◆ AIM OF THE TASK ◆
Quote exactly, and only, the lines of the material below from the line with "Kegiatan JOTI Camp" through the line with "Se vende lote".

◆ GIVEN INFORMATION ◆
+ + +

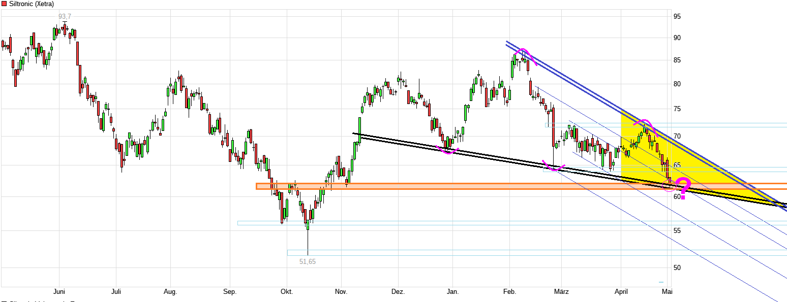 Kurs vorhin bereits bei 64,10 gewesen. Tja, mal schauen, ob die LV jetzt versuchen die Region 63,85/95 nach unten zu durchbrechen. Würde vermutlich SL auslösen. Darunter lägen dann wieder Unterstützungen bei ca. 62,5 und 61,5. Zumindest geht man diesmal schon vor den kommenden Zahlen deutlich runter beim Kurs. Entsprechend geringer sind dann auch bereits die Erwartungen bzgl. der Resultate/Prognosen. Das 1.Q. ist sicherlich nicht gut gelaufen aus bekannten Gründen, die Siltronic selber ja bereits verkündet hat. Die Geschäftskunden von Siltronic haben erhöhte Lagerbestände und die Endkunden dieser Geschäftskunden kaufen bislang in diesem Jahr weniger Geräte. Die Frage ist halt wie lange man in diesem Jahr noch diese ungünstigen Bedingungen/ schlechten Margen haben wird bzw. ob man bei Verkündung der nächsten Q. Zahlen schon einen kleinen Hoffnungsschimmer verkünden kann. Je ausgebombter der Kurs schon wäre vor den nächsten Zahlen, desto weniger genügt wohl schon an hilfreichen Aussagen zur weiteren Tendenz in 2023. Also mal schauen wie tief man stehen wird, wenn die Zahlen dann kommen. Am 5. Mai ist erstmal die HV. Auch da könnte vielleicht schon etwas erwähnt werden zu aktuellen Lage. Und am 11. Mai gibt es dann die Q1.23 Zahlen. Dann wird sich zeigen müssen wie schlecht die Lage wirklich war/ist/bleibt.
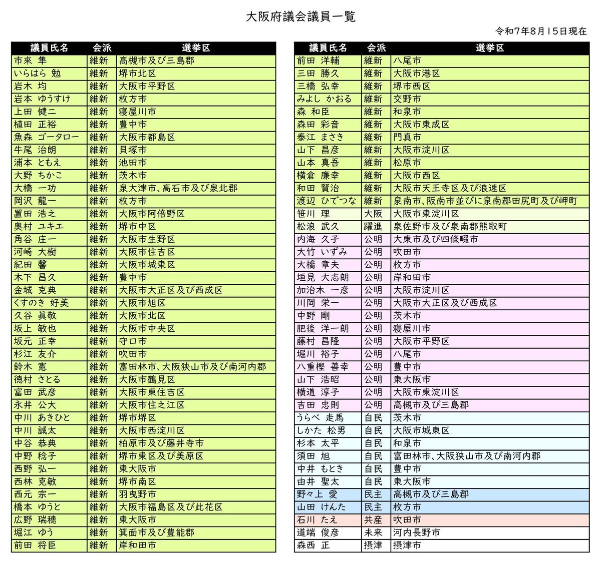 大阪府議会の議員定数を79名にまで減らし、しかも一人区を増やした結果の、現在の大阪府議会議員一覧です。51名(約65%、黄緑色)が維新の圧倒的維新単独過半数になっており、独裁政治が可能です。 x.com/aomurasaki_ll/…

+ + +

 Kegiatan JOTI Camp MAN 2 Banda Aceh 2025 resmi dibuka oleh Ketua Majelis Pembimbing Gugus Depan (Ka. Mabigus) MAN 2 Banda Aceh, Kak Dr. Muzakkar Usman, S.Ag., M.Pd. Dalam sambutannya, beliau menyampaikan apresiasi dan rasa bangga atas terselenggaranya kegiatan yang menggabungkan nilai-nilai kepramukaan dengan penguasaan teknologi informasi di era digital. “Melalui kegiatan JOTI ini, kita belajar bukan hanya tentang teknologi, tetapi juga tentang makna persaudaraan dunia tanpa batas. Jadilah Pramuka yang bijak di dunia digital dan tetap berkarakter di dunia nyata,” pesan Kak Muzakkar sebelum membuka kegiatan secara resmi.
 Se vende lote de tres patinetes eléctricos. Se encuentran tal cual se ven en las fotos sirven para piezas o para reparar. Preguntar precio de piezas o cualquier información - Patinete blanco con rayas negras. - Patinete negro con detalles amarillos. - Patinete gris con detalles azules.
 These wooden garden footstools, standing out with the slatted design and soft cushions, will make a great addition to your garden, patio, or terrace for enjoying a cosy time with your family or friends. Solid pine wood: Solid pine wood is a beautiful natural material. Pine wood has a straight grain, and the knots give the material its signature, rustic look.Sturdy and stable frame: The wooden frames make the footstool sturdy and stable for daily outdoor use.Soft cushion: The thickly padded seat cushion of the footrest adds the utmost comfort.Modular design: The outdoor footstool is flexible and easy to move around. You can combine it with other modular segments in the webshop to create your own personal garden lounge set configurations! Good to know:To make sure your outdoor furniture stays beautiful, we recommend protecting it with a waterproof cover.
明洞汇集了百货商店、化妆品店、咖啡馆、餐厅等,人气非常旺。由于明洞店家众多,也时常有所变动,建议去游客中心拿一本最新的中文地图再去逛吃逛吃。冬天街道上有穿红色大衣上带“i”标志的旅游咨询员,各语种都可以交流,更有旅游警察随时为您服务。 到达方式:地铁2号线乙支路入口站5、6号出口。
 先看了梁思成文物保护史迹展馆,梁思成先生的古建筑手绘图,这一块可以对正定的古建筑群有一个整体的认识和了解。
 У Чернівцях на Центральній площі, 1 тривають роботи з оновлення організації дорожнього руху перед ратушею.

+ + +

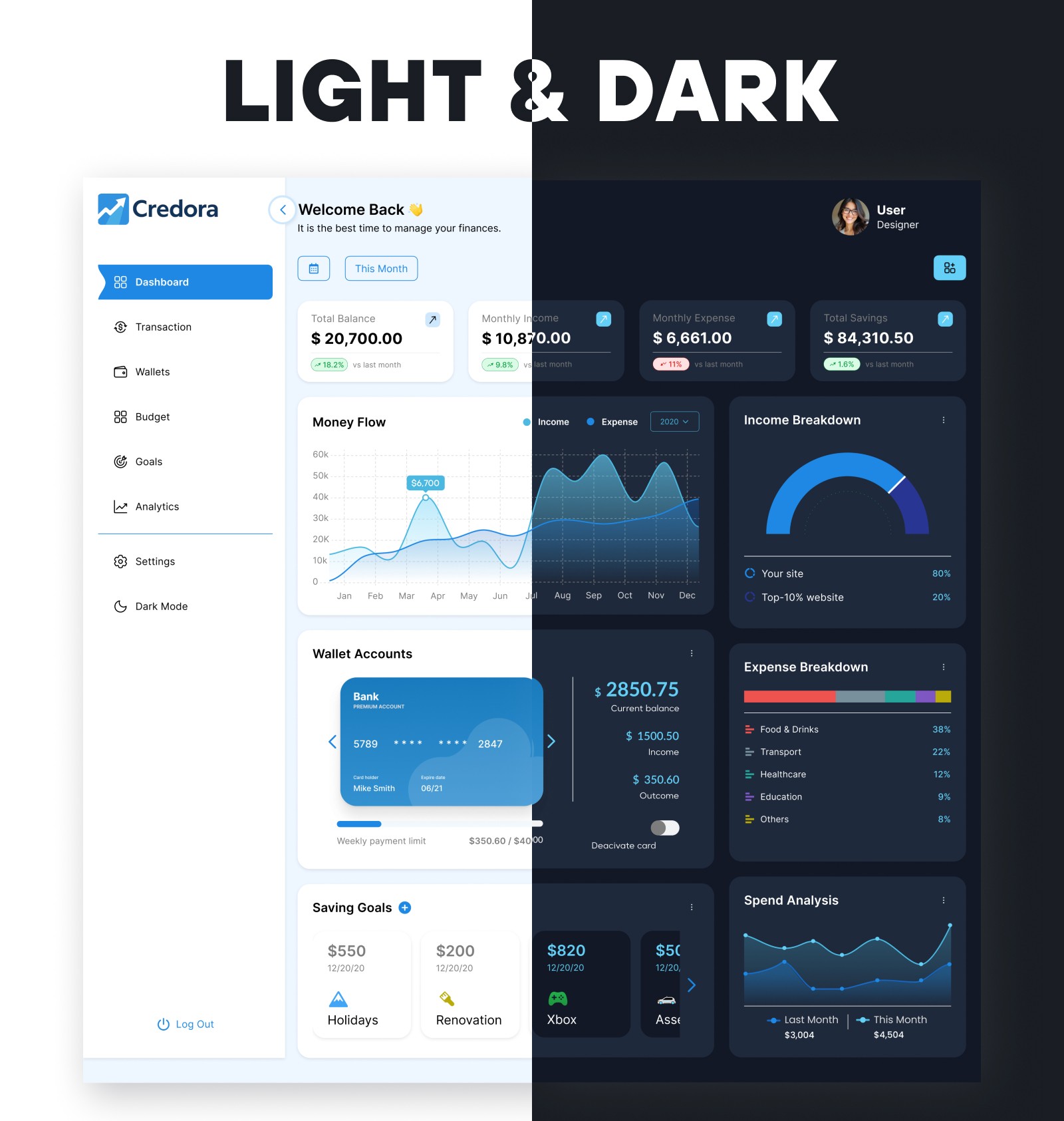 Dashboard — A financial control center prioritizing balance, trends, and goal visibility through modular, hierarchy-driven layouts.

+ + +

◆ YOUR RESPONSE ◆
 Kegiatan JOTI Camp MAN 2 Banda Aceh 2025 resmi dibuka oleh Ketua Majelis Pembimbing Gugus Depan (Ka. Mabigus) MAN 2 Banda Aceh, Kak Dr. Muzakkar Usman, S.Ag., M.Pd. Dalam sambutannya, beliau menyampaikan apresiasi dan rasa bangga atas terselenggaranya kegiatan yang menggabungkan nilai-nilai kepramukaan dengan penguasaan teknologi informasi di era digital. “Melalui kegiatan JOTI ini, kita belajar bukan hanya tentang teknologi, tetapi juga tentang makna persaudaraan dunia tanpa batas. Jadilah Pramuka yang bijak di dunia digital dan tetap berkarakter di dunia nyata,” pesan Kak Muzakkar sebelum membuka kegiatan secara resmi.
 Se vende lote de tres patinetes eléctricos. Se encuentran tal cual se ven en las fotos sirven para piezas o para reparar. Preguntar precio de piezas o cualquier información - Patinete blanco con rayas negras. - Patinete negro con detalles amarillos. - Patinete gris con detalles azules.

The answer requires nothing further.